[[ Data section open ]]

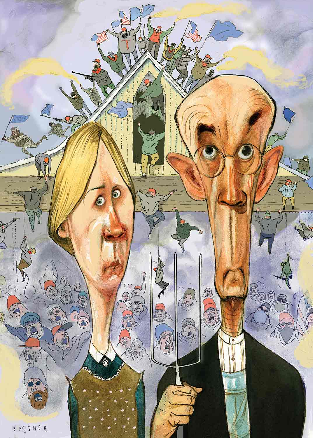 Living & Dying in America: A Daily Chronicle, 2020-2022 is published by Fantagraphics Books. This series continues weekly at theNation.com and daily at stevebrodner.substack.com.
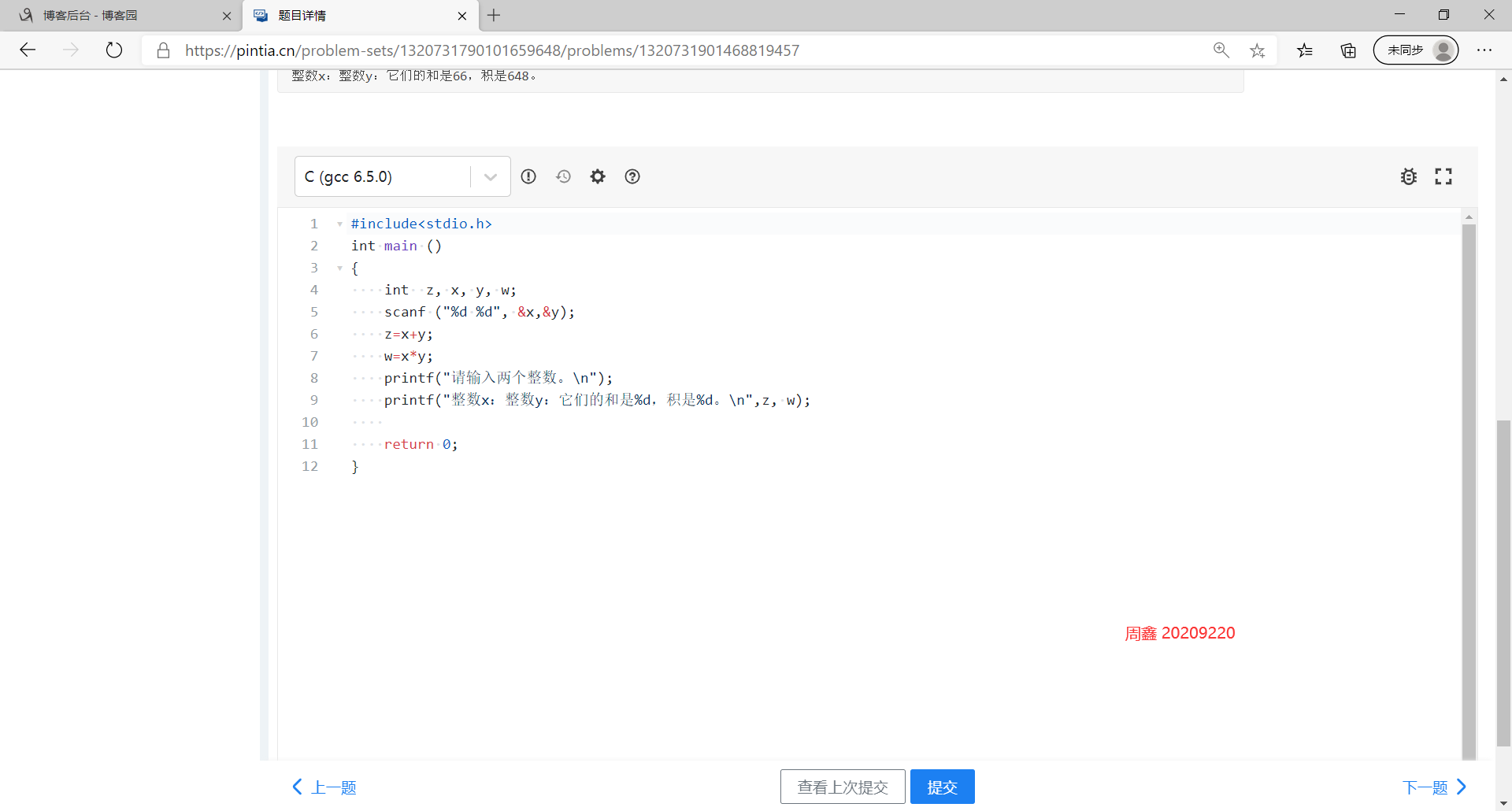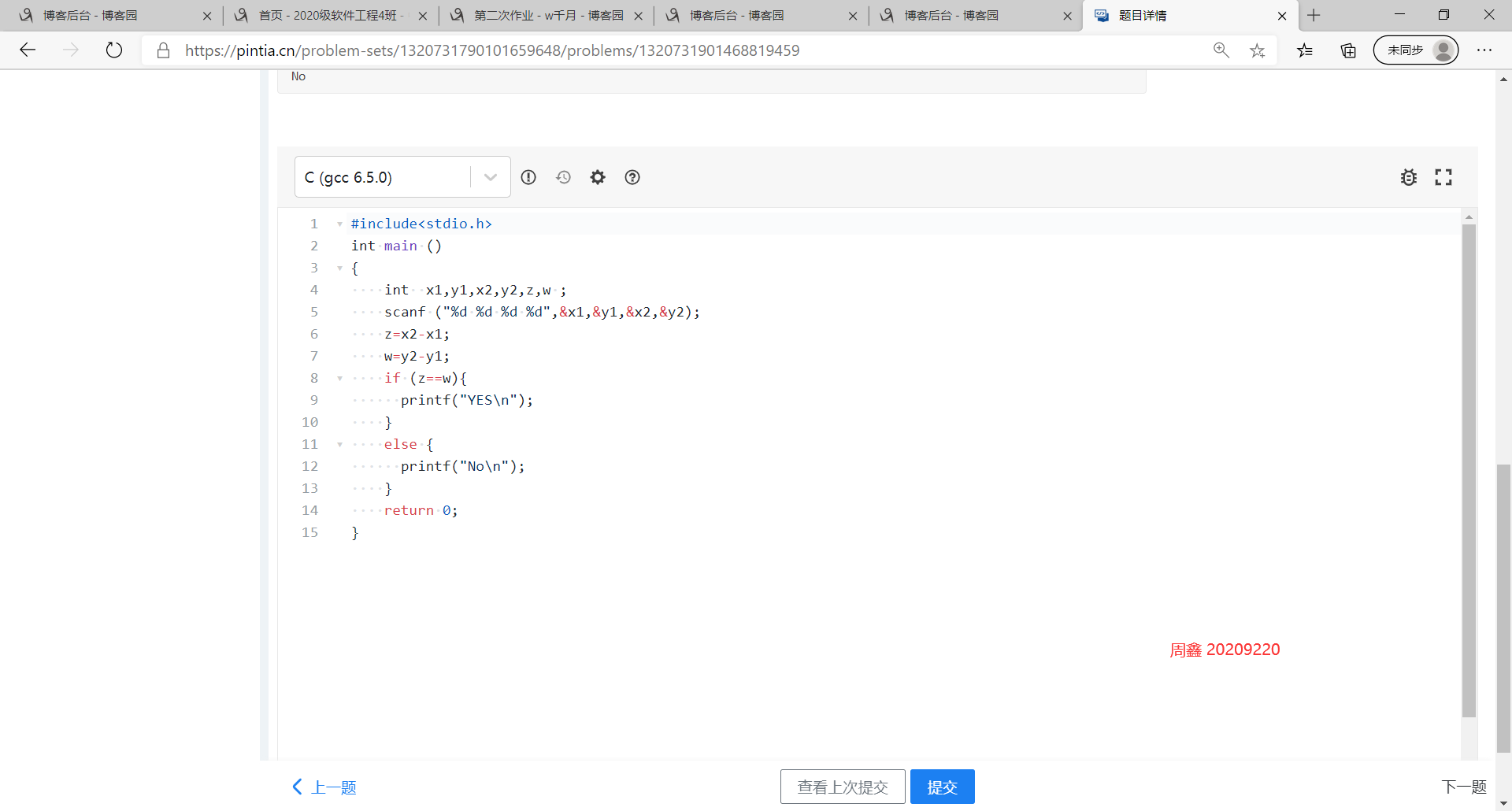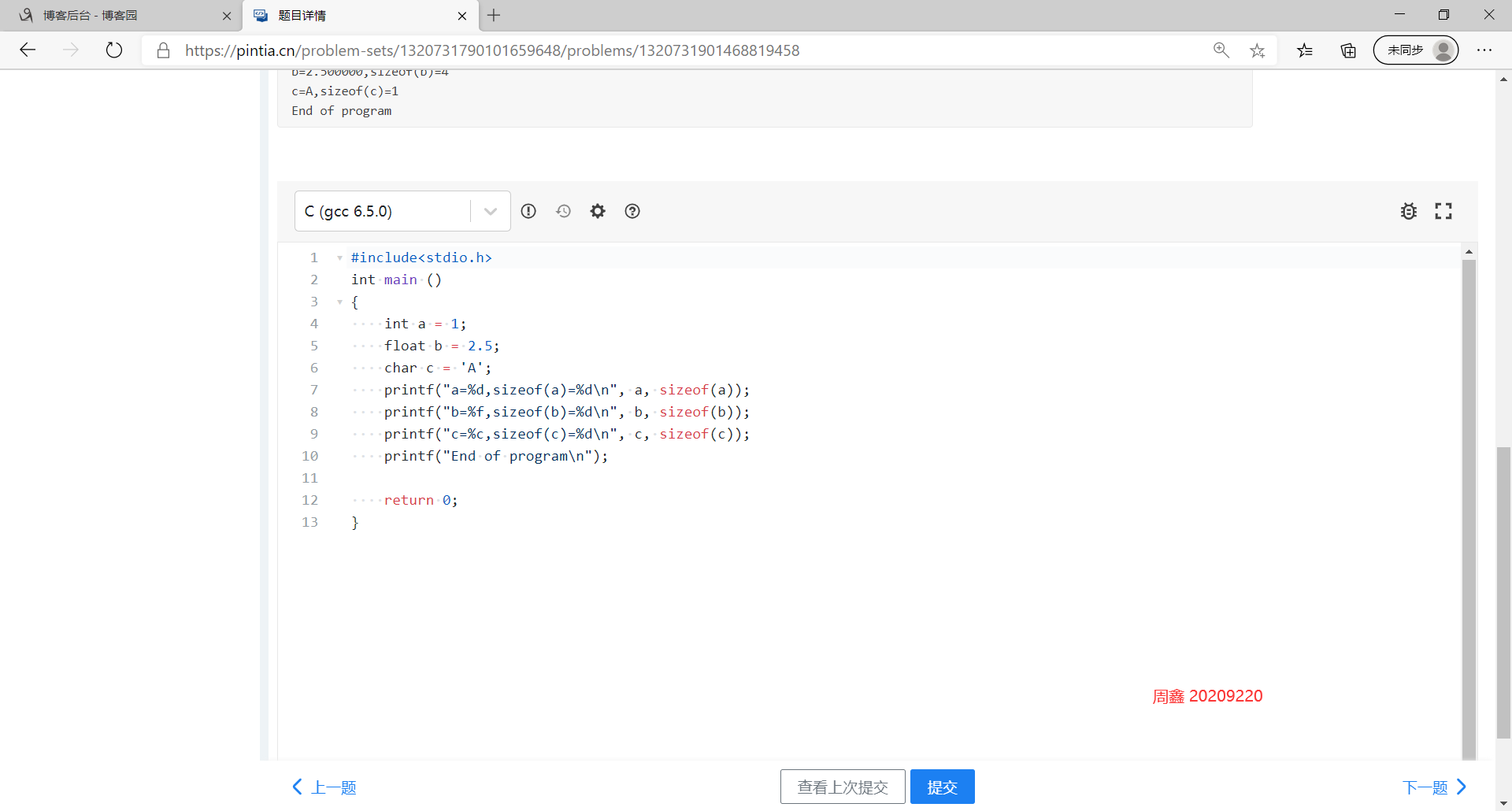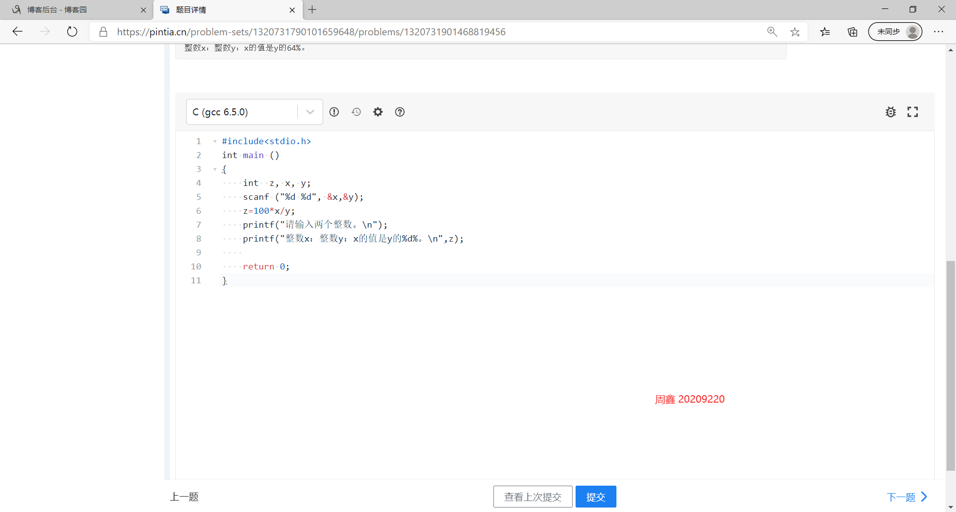 二: 请完成PTA作业:2020秋C语言作业2。在博客作业中贴出完成图片,图片要求存在自己的名字标识。
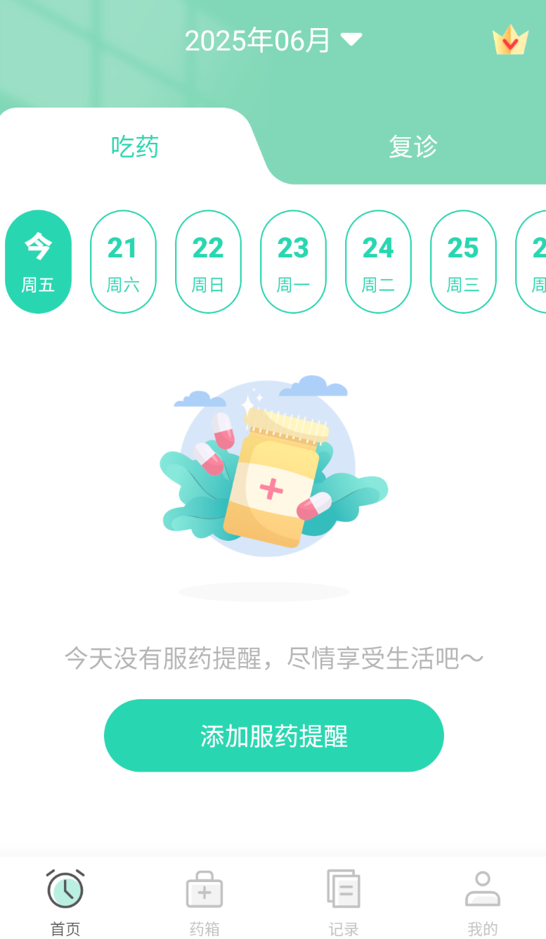 药准时管家帮助用户做好吃药管理,提供优质用药服务。尤其适合记性差的人,可设置每日吃药提醒,还能设定药物服用剂量,每日打卡,让用户再也不会忘记吃药,轻松养成良好用药习惯。

[[ Data section closed ]]

Directions:
Everything in the listing above except the pictures should be duplicated exactly.

Solution for this problem:
 Living & Dying in America: A Daily Chronicle, 2020-2022 is published by Fantagraphics Books. This series continues weekly at theNation.com and daily at stevebrodner.substack.com.
 二: 请完成PTA作业:2020秋C语言作业2。在博客作业中贴出完成图片,图片要求存在自己的名字标识。
 药准时管家帮助用户做好吃药管理,提供优质用药服务。尤其适合记性差的人,可设置每日吃药提醒,还能设定药物服用剂量,每日打卡,让用户再也不会忘记吃药,轻松养成良好用药习惯。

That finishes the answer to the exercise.